Golaks at gurdwaras receiving daily donations and offerings are sealed, some of which is used to fund the cost of the temple's langar-khana. When the golak contributions are counted, it is done so in the presence of chosen people. Sikhism does not mandate strict-rules regarding the collection of donations and gifts.

== History ==
In India, it has long been a custom where devotees would make an offering to a deity. Early Sikh worship places, known as dharamsāls, all had a golak to collect donations. When the Manji dioceses and Masand management system came about, the masands were responsible for collecting the tithes from areas of their jurisdiction and submit them to the Sikh guru, where they became part of the common-fund. The main responsibility of the masands was collecting dasvandh donations and submitting them to the guru on a regular-basis, procuring receipts of donations against them. Guru Arjan invented the practice of pooling financial and material donations and gifts together as a common-fund as the Sikh community was experiencing growth and needed resources. These increased finances allowed for the construction of more sarovars (temple-tanks), shrines, and settlements. The guru's golak was the treasury. According to Chaupa Singh's rehitnama, a Sikh should view a destitute person's mouth as a Golak for charity. Therefore, the downtrodden and lowly are central recipients for aid and donations by Sikhs, rather than a Brahminical-class.

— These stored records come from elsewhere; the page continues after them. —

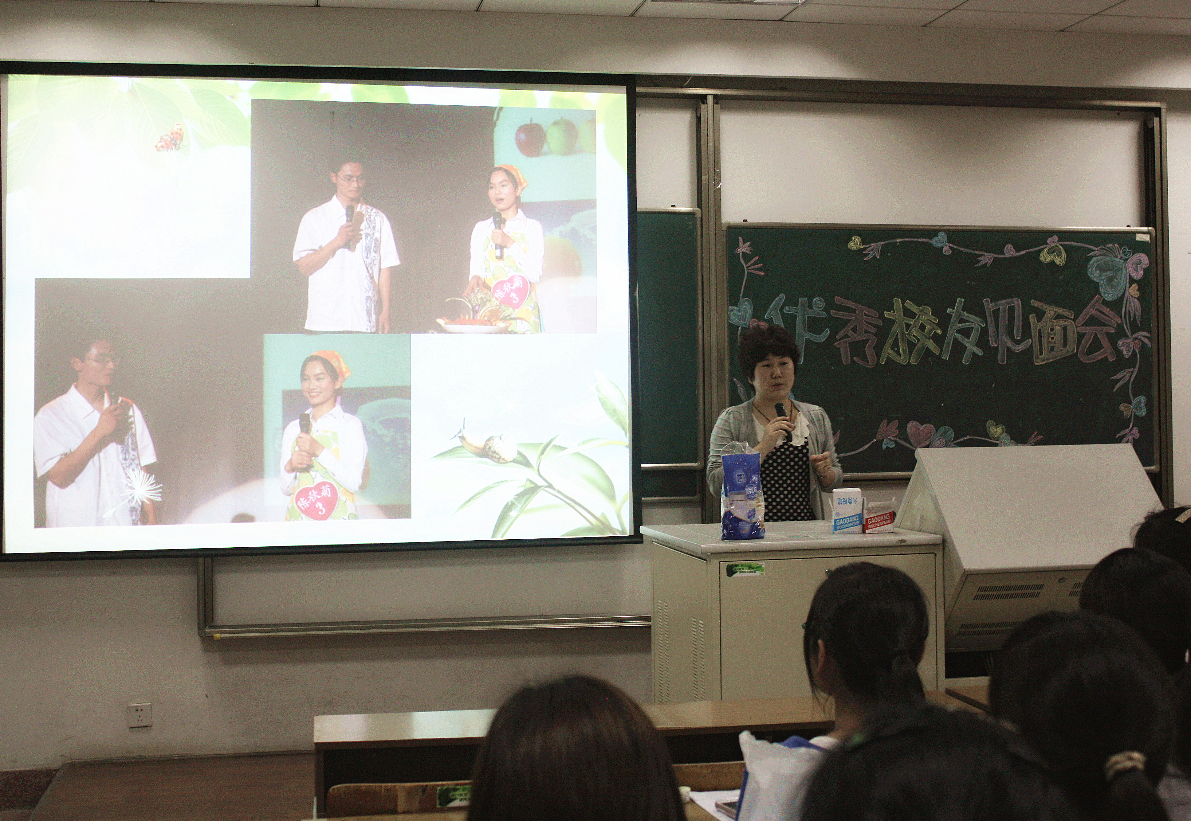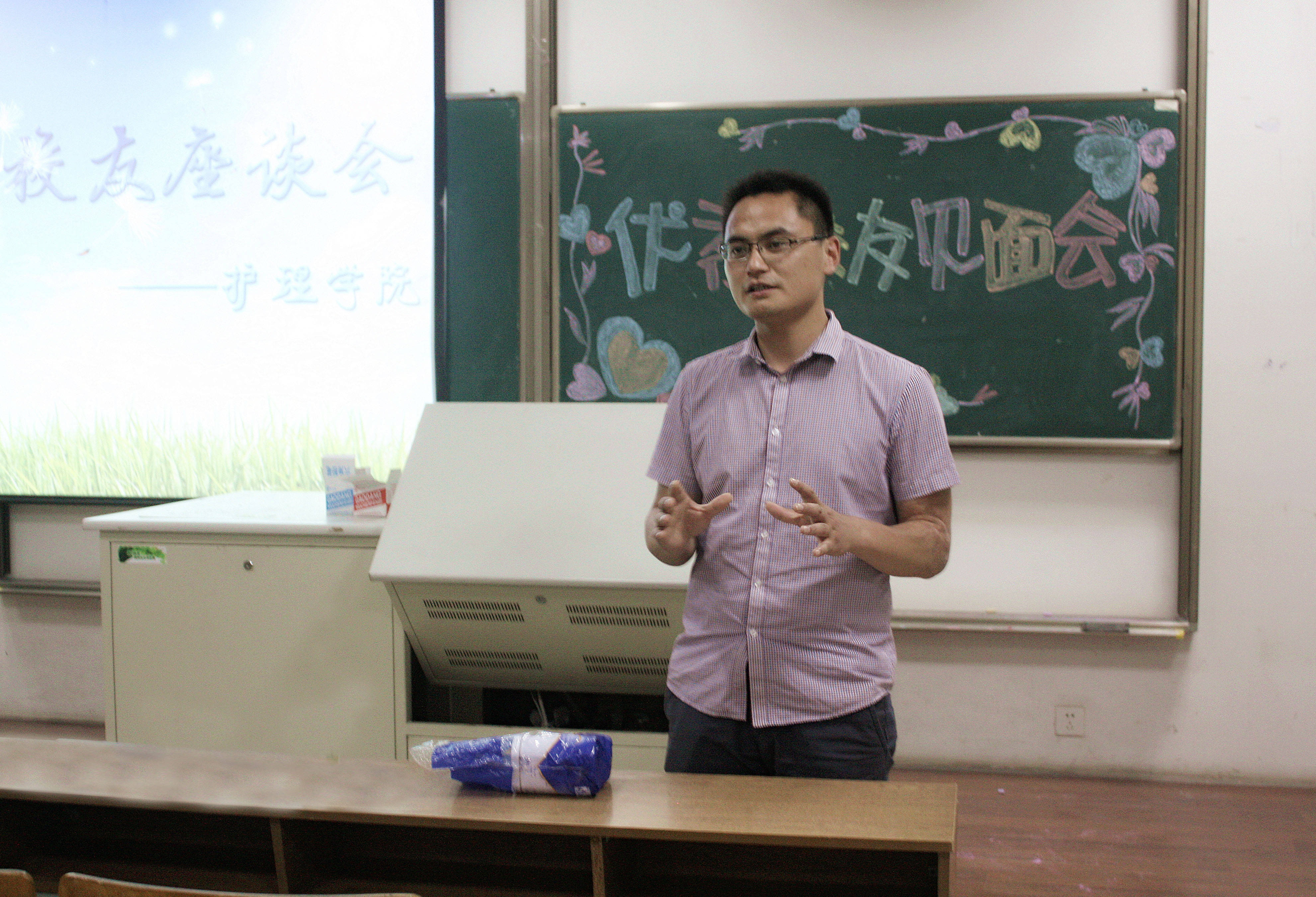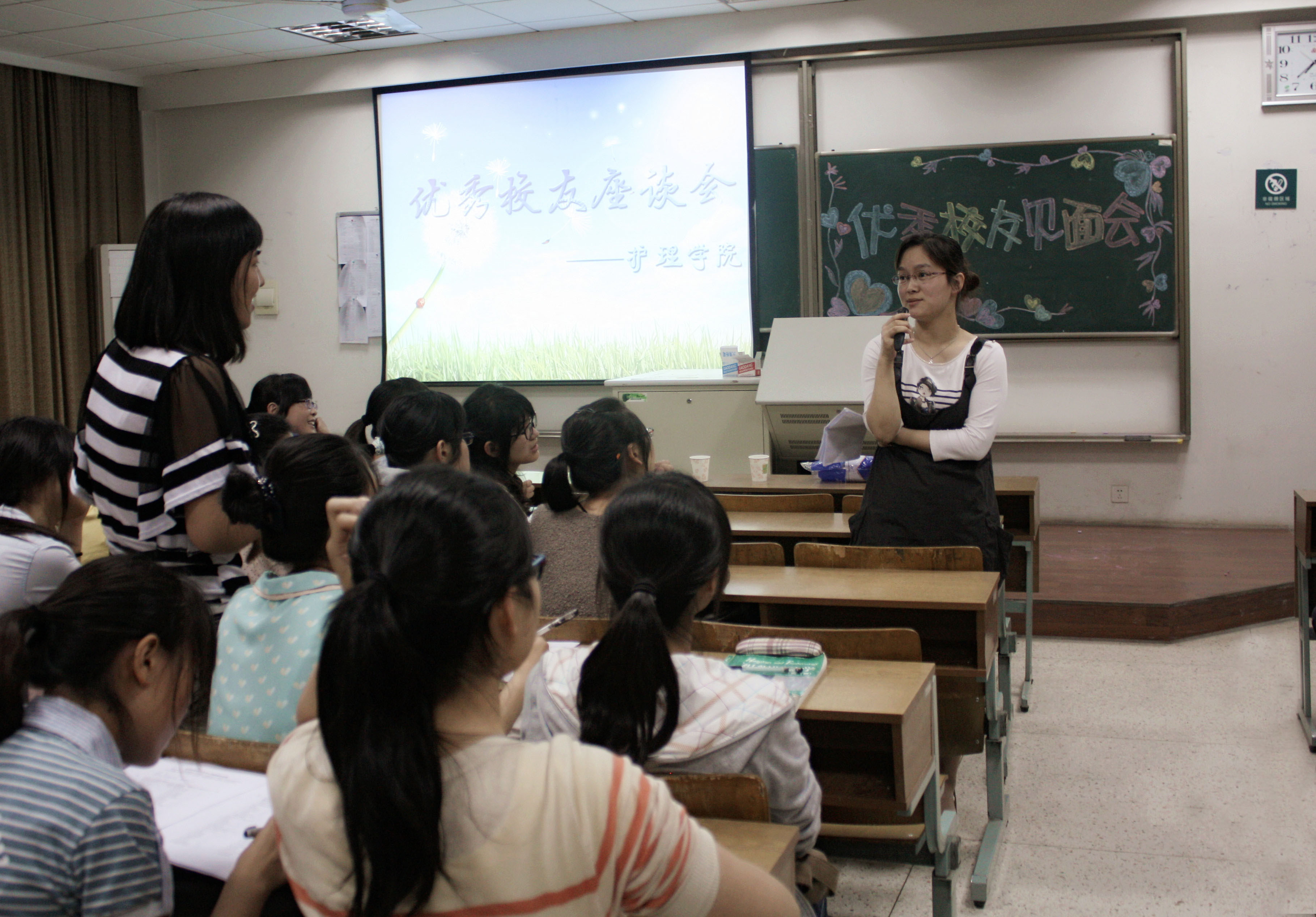 2013年5月15日晚,护理学院在B106教室举办了一场优秀校友见面会。参加此次见面会的有校友王家麟和陈秋菊,徐晔星老师和吴菲老师以及各班同学。
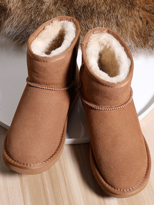 Stivali invernali da donna Stivali da neve piatti in pelle scamosciata con punta tonda & Scarpe > Scarpe Donna > Stivali > Stivaletti
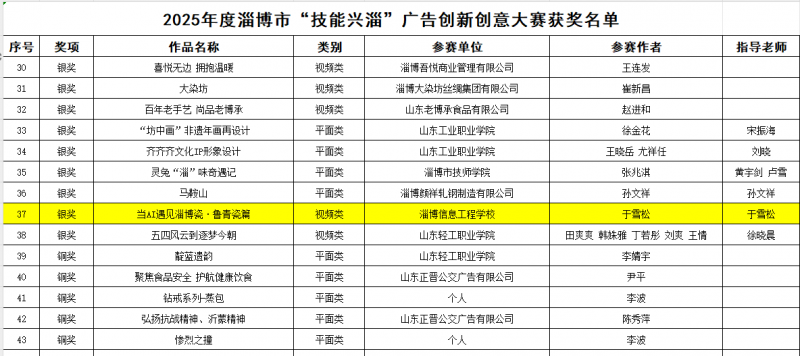 近日,从“技能兴淄”2025年度淄博市广告创新创意大赛官方传来喜讯,我校教师于雪松创作的AIGC文旅短片《当AI遇见淄博瓷·鲁青瓷篇》从众多参赛作品中脱颖而出,荣获大赛银奖。

Eventually, the masands became corrupted over time and therefore Guru Gobind Singh abolished them and established direct contact with the scattered sangats, not relying on any intermediary. The Sikh households would maintain a private golak, and after the masands were abolished, the sangats would submit all of their dasvandh from their golak to Guru Gobind Singh when visiting him on special occasions, such as festivals. When the Guru Granth Sahib was given the guruship, the guru was simultaneously available at multiple places, installed in gurdwaras. As a result, the tithe and offerings could be submitted at any gurdwara or associated charitable institutions, making household golaks obsolete. After the Gurdwara Reform movement, golaks at most historical gurdwaras are operated by the SGPC whilst other gurdwaras are managed by local committees or sangats.

== Robbery ==
There have been instances of gurdwaras being robbed, including their associated golaks. The robberies have occurred in the Indian state of Punjab but also at overseas gurdwaras in the diaspora. The term golak chor ("thief of the money box") is used as an insult to describe Sikh groups who misappropriate the sangat's (congregation) donations from the golak box. Manjit Singh of the Delhi Sikh Gurdwara Prabandhak Committee had stepped-down after being accused of being a golak chor.